Even if the above function is executed, the attribute information (defined name, format, conditional format) given to the cell, merged cell, image information placed on the cell, function formula, etc. do not follow, so the current situation The version is ** virtually useless **.
If you add (overwrite) rows and columns to the end instead of in the middle of the worksheet, the problem should be relatively small.
OpenPyXL can handle a template Excel workbook (xlsm) containing VBA macros by adding keep_vba = True
to the open argument.
Therefore, it is possible to realize difficult / impossible processing with OpenPyXL by letting Excel VBA macros perform difficult processing with OpenPyXL.
(Unfortunately, it cannot be done in an environment where execution of Excel VBA macros is not permitted due to internal circumstances etc.)
We will organize the processing performed by OpenPyXL and the processing performed by Excel VBA macros, and perform code processing and settings for Python and Excel VBA respectively.
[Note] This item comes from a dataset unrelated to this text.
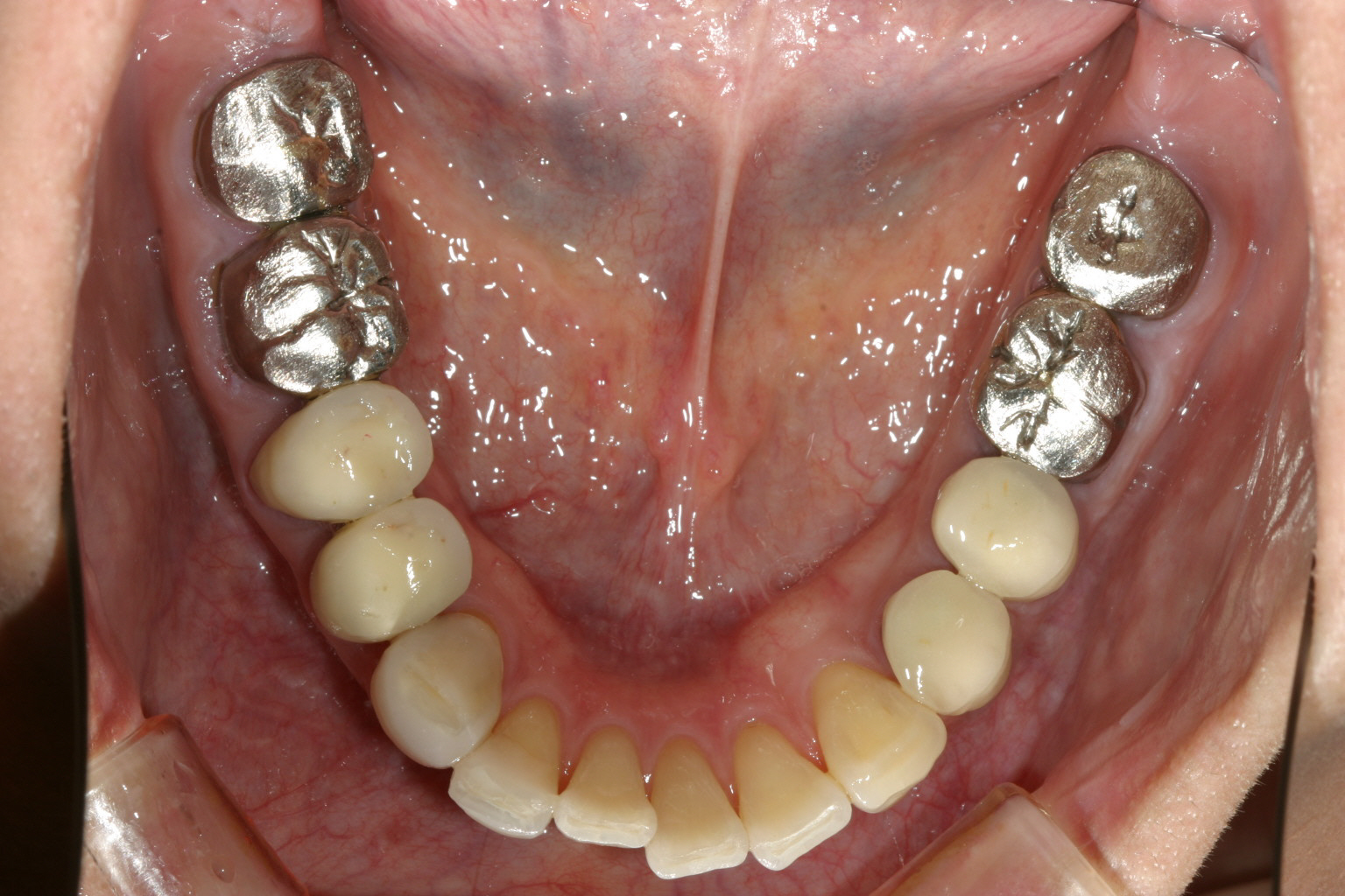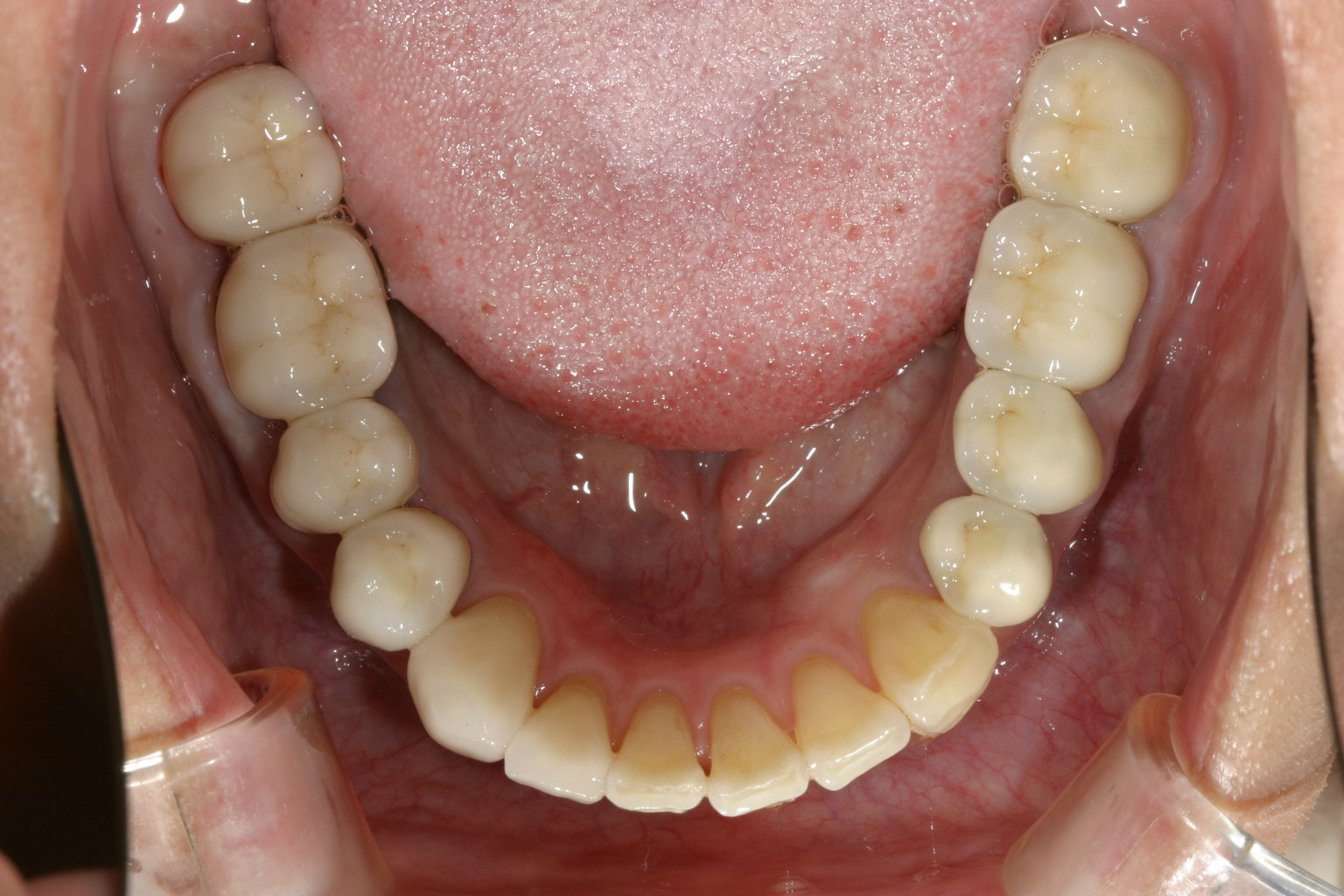 下顎も矯正による咬合修正も終わり左右臼歯にジルコニア冠で8本補綴完了する

For example, you can copy a worksheet and add / delete matrices in the middle of a worksheet with an Excel VBA macro.
For the data required by the Excel VBA macro, create a data worksheet separate from the template worksheet and set the data in it with OpenPyXL.
If you need to handle images that can only be created on the OpenPyXL side, create a data worksheet and place the images on it with OpenPyXL. If you cannot set an identification name for the image created by ʻadd_image () `of OpenPyXL and you need to pass multiple images, you can distinguish the images because the Excel VBA macro cannot distinguish the images. It is also necessary to devise something like this.
I think it's faster to take a look at the sample than to explain it in a long way. The main processing of both Python and Excel VBA is about 100 lines. To run the sample, Python requires the OpenPyXL package as well as the Pillow package for editing images. (If you get an error, please install the package if necessary)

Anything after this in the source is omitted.